- [Prompt]
An exact copy of all the lines below is required, with every image left out.

- [Records contained in a dataset]
•••••
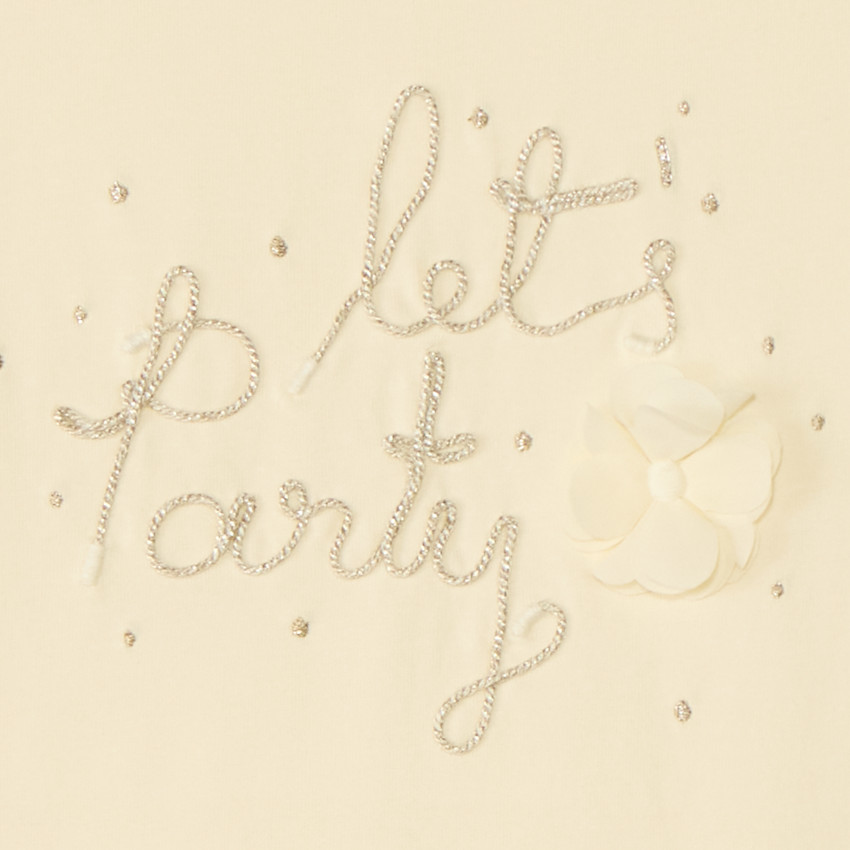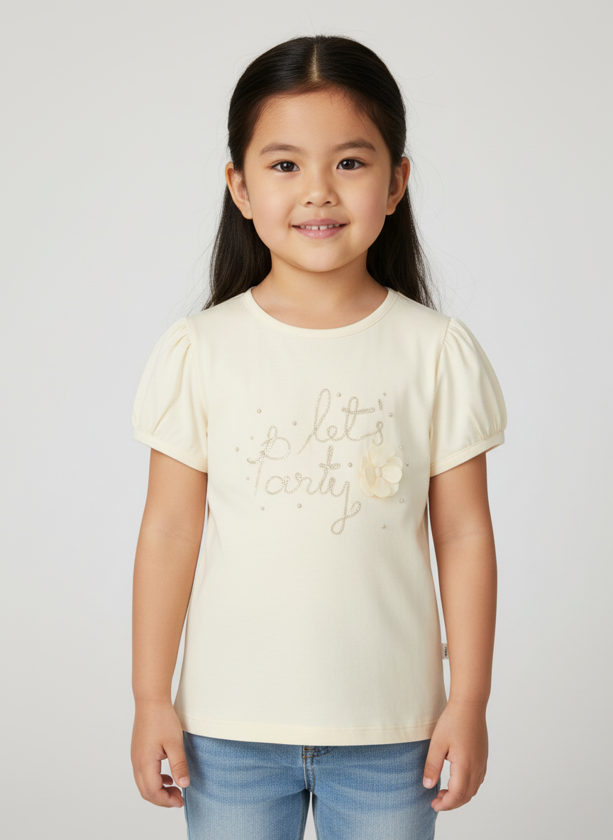 Футболка с коротким рукавом для девочки выполнена из мягкого и дышащего хлопка с добавлением эластана (95% хлопок, 5% эластан), что обеспечивает комфортную посадку и свободу движений. Модель украшена объемной 3D-надписью и декоративным цветочком по центру, а рукава-фонарики придают образу аккуратный и стильный вид. Идеально подходит для повседневной носки и летних прогулок.
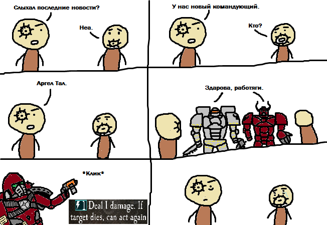 Ебать, посоны, что-то с игрой не так. Как обычно, сижу, горю, комментирую каждую ебанную ситуацию и каждый ебанный ход, например: "Сейчас Феррус хуйнет Тереков - и хуй мне, а не демонетки на 3 маны", или "Сейчас Лука в мою жабу стукнется ебалом и даст лазвинтовку", ну или "Сейчас Кхарн пинги Бронду накинает - и пиздарики мне" к слову, замечу, что Кхарн просто охуевший был, пинги идеальные, мой стол ими чистил на раз-два, но в тот раз я всё-таки задушил, слишком много мяса мне зашло - и ничего не сбывается! Сука, я даже Камиэли не могу предсказать, просто смотрю на стол "ага, у меня с норм здоровьем только 4/6, значит удар в него - Камиэль в него - и остальные пятеро с 2 хп умрут" - и нихуя! Нет Камиэля! Что-то тут серьезно не так. Только спутники - последний оплот стабильности, просто железное правило "если у меня на столе больше одного существа - урон по всем 3-4, не меньше".
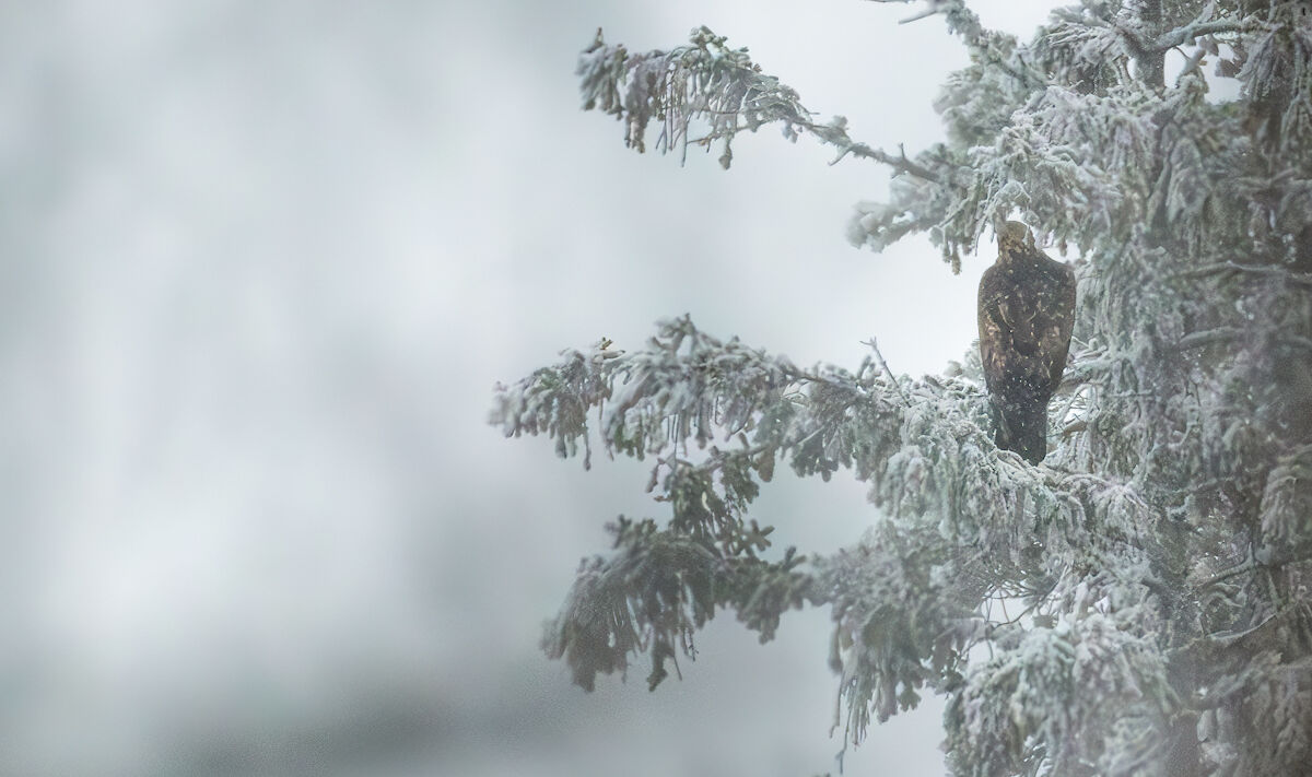 Några sekunder senare så flög den ner från trädet mot ett tätare skogsområde. Detta är inte min bästa bild på den mäktiga kungsörnen jag lyckats fånga, men jag gillar känslan i bilden då den visar hur det oftast ser ut för oss naturfotografer. Det är sällan vi har perfekt förutsättningar för att lyckas ta den där perfekta bilden. /Sami
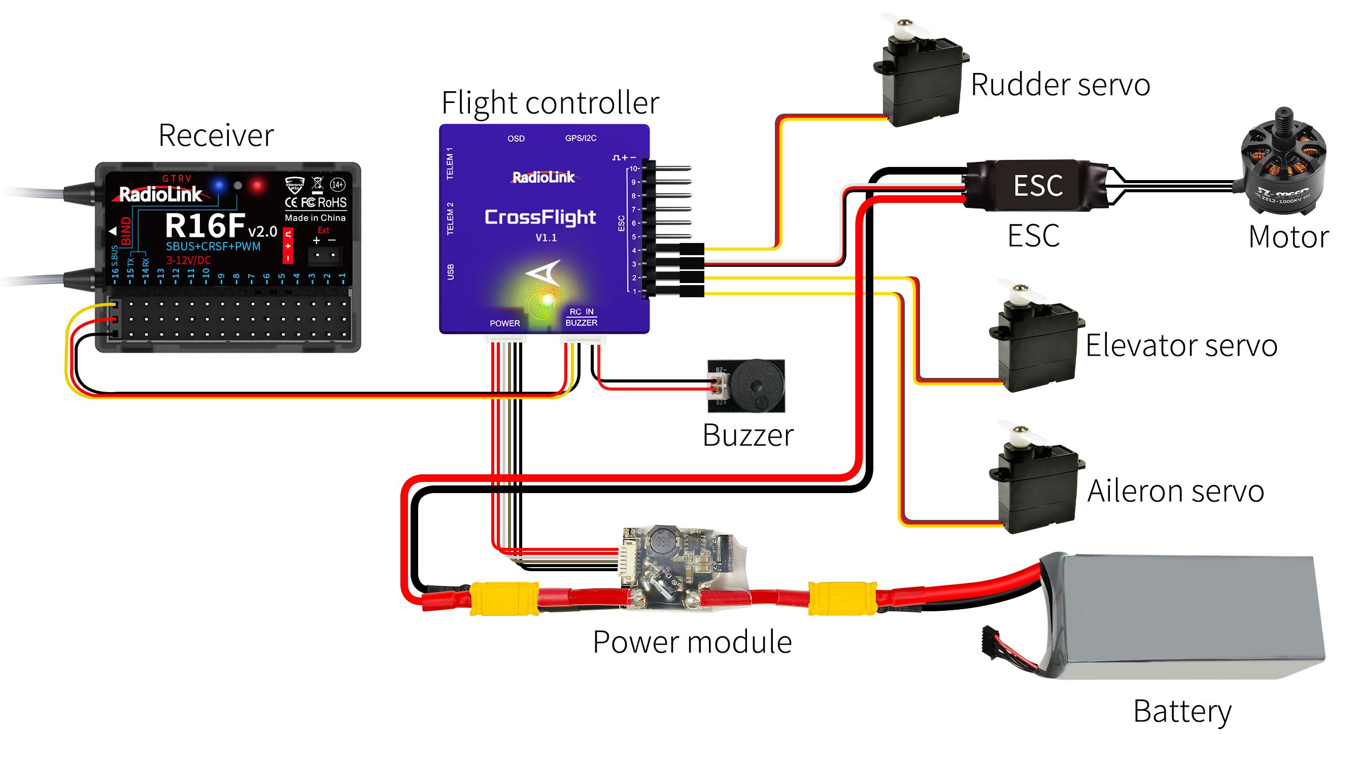 Switch the working mode of R16F to CRSF working mode and connect it to CrossFlight. Take TELEM1 as en example.
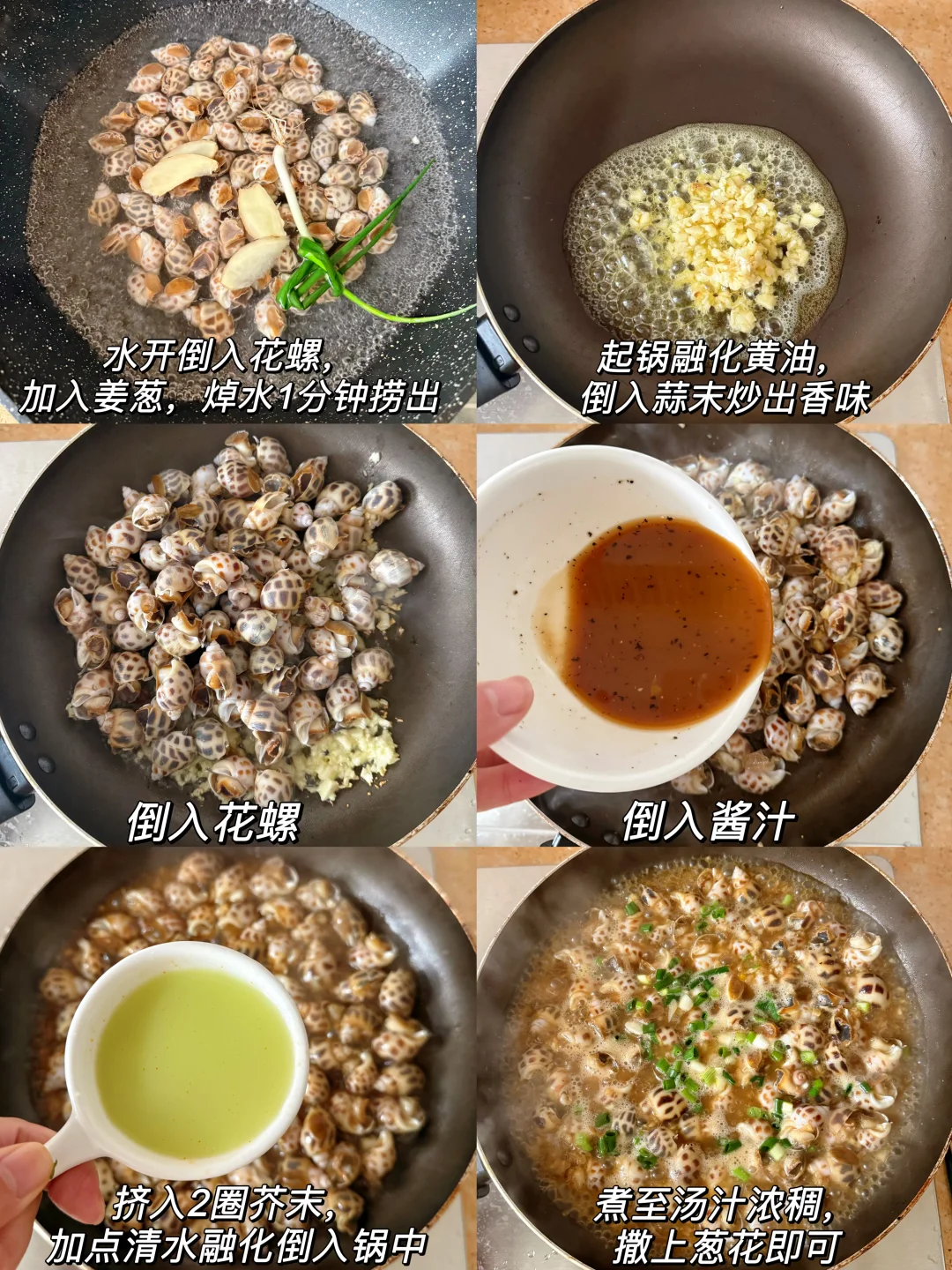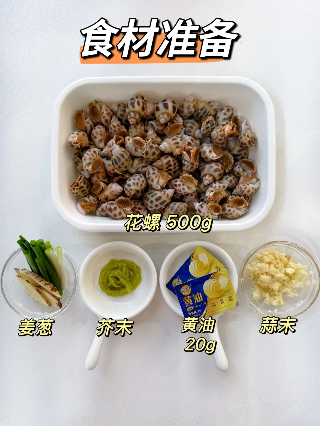 📝【食材】:花螺、黄油、蒜末、芥末、姜葱
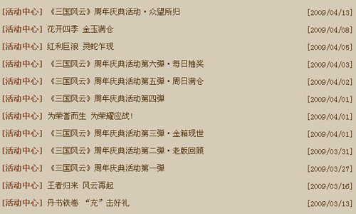 虽然《三国风云》系列周年庆典活动已经进入了尾声,但是,在2009年4月14日0时——4月20日23时,《三国风云》又为玩家们奉上了众望所归整点在线抽奖的全民活动。在活动期间的每个小时的整点时间,《三国风云》游戏系统将在每个服务器中随机抽取一名幸运玩家,所有服务器中整点时间在线的玩家都有机会被选中,获得系统发出的恭喜获奖的邮件,同时,系统也会将一份神秘大将放入获奖玩家的藏宝库中。各位玩家朋友们千万不要错过这个机会,也许神秘大奖就会从天而降落入你的手中!
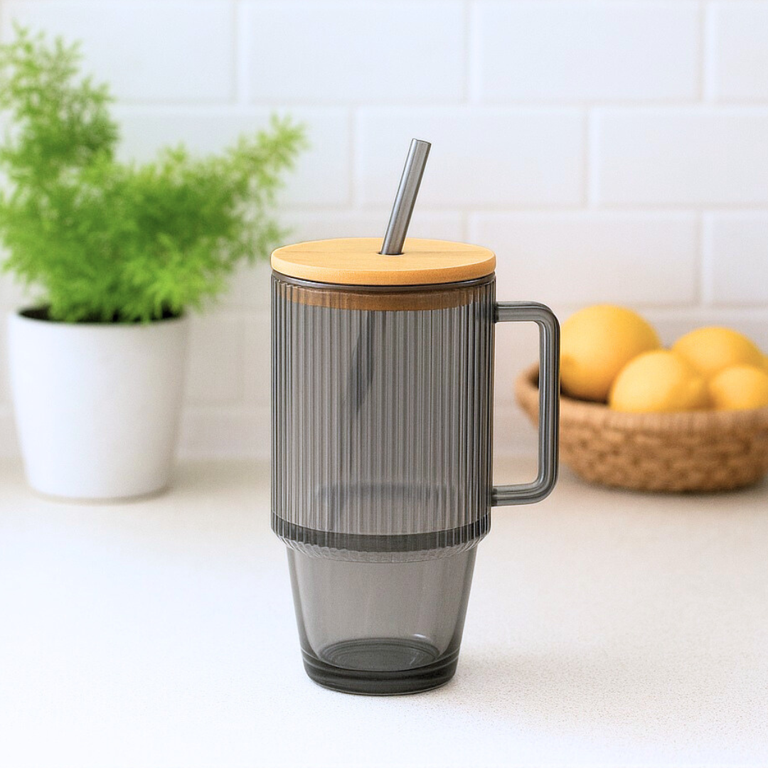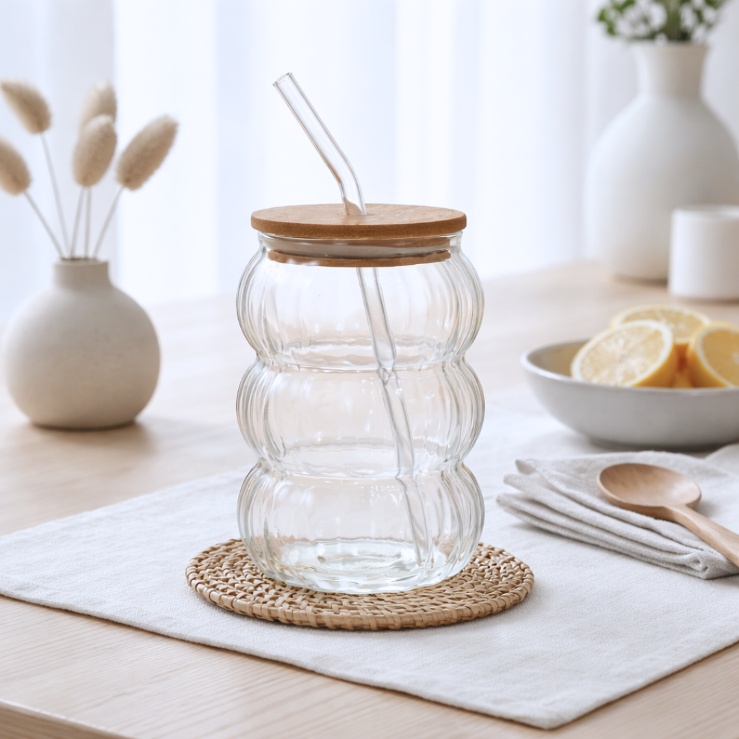 2Z- VASO DE VIDRIO CON TAPA BAMBU Y SORBETE
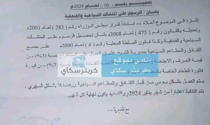 وبحسب الوثيقة، فإن سعيد وجه بفرض ضريبة 3% على جميع الفنادق والمطاعم السياحية بالشيخ عثمان، وذلك من قيمة الغرف والأجنحة والشقق المفروشة التابعة للفنادق.
•••••
- [Reply]
 Футболка с коротким рукавом для девочки выполнена из мягкого и дышащего хлопка с добавлением эластана (95% хлопок, 5% эластан), что обеспечивает комфортную посадку и свободу движений. Модель украшена объемной 3D-надписью и декоративным цветочком по центру, а рукава-фонарики придают образу аккуратный и стильный вид. Идеально подходит для повседневной носки и летних прогулок.
 Ебать, посоны, что-то с игрой не так. Как обычно, сижу, горю, комментирую каждую ебанную ситуацию и каждый ебанный ход, например: "Сейчас Феррус хуйнет Тереков - и хуй мне, а не демонетки на 3 маны", или "Сейчас Лука в мою жабу стукнется ебалом и даст лазвинтовку", ну или "Сейчас Кхарн пинги Бронду накинает - и пиздарики мне" к слову, замечу, что Кхарн просто охуевший был, пинги идеальные, мой стол ими чистил на раз-два, но в тот раз я всё-таки задушил, слишком много мяса мне зашло - и ничего не сбывается! Сука, я даже Камиэли не могу предсказать, просто смотрю на стол "ага, у меня с норм здоровьем только 4/6, значит удар в него - Камиэль в него - и остальные пятеро с 2 хп умрут" - и нихуя! Нет Камиэля! Что-то тут серьезно не так. Только спутники - последний оплот стабильности, просто железное правило "если у меня на столе больше одного существа - урон по всем 3-4, не меньше".
 Några sekunder senare så flög den ner från trädet mot ett tätare skogsområde. Detta är inte min bästa bild på den mäktiga kungsörnen jag lyckats fånga, men jag gillar känslan i bilden då den visar hur det oftast ser ut för oss naturfotografer. Det är sällan vi har perfekt förutsättningar för att lyckas ta den där perfekta bilden. /Sami
 Switch the working mode of R16F to CRSF working mode and connect it to CrossFlight. Take TELEM1 as en example.
 📝【食材】:花螺、黄油、蒜末、芥末、姜葱
 虽然《三国风云》系列周年庆典活动已经进入了尾声,但是,在2009年4月14日0时——4月20日23时,《三国风云》又为玩家们奉上了众望所归整点在线抽奖的全民活动。在活动期间的每个小时的整点时间,《三国风云》游戏系统将在每个服务器中随机抽取一名幸运玩家,所有服务器中整点时间在线的玩家都有机会被选中,获得系统发出的恭喜获奖的邮件,同时,系统也会将一份神秘大将放入获奖玩家的藏宝库中。各位玩家朋友们千万不要错过这个机会,也许神秘大奖就会从天而降落入你的手中!
 2Z- VASO DE VIDRIO CON TAPA BAMBU Y SORBETE
 وبحسب الوثيقة، فإن سعيد وجه بفرض ضريبة 3% على جميع الفنادق والمطاعم السياحية بالشيخ عثمان، وذلك من قيمة الغرف والأجنحة والشقق المفروشة التابعة للفنادق.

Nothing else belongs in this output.